14 Building phylogenetic trees

Learning Objectives

Differentiate between common methods of tree inference and recognise why maximum likelihood is generally a preferable method of inference.
Describe what are the key steps in creating a phylogenetic tree.
Use IQ-TREE for phylogenetic tree inference from an alignment.

14.1 Phylogenetic tree inference

A phylogenetic tree is a graph (structure) representing evolutionary history and shared ancestry.
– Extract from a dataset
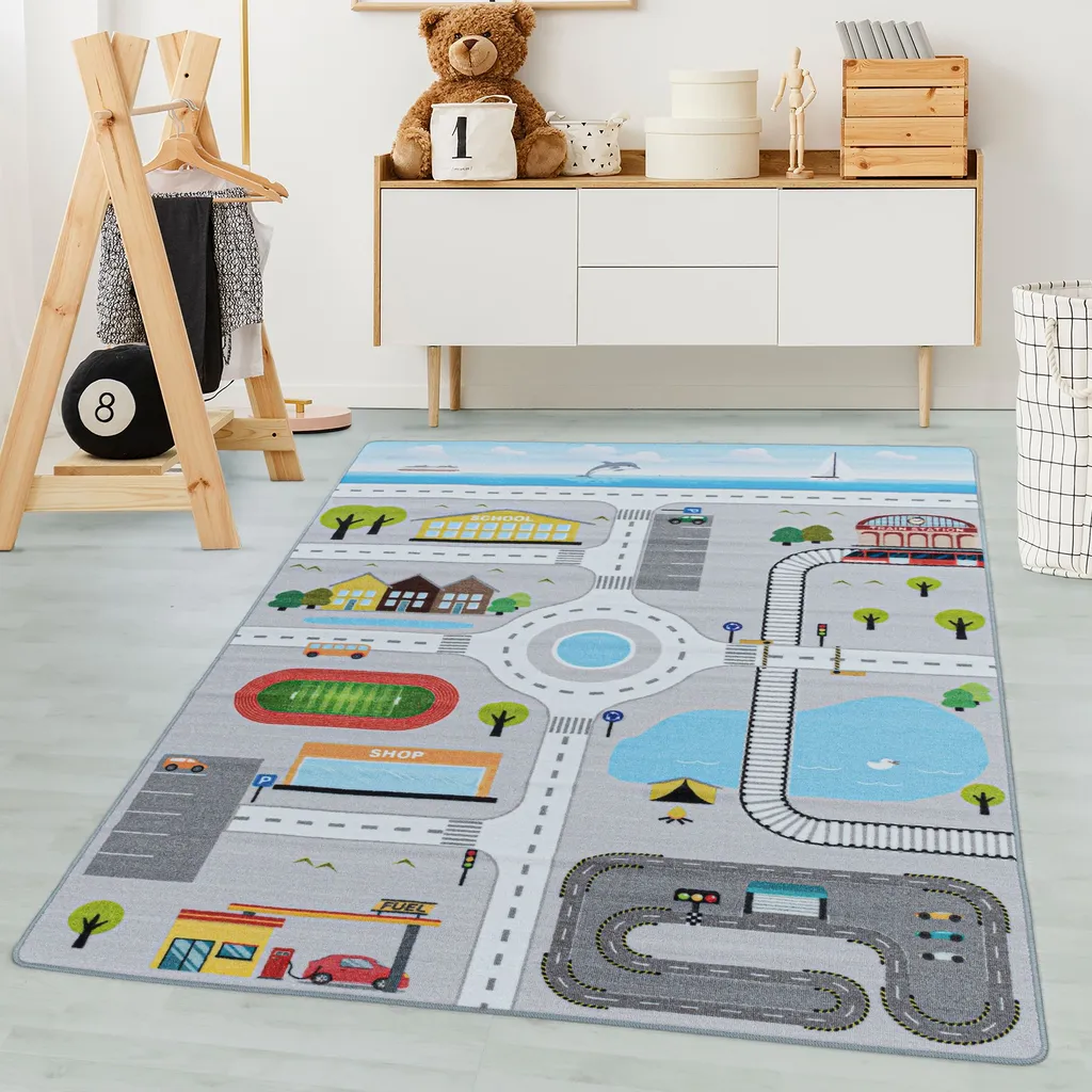 Kinderteppich,Digitaldruck,Verkehr Figur,WaschbarKettelteppich,Farbe:Grau, Farbe:GRAU, Grösse:120 Cm X 170 Cm

It depicts the lines of evolutionary descent of different species, lineages or genes from a common ancestor. A phylogenetic tree is made of nodes and edges, with one edge connecting two nodes.

A node can represent an extant species, and extinct one, or a sampled pathogen: these are all cases of “terminal” nodes, nodes in the tree connected to only one edge, and usually associated with data, such as a genome sequence.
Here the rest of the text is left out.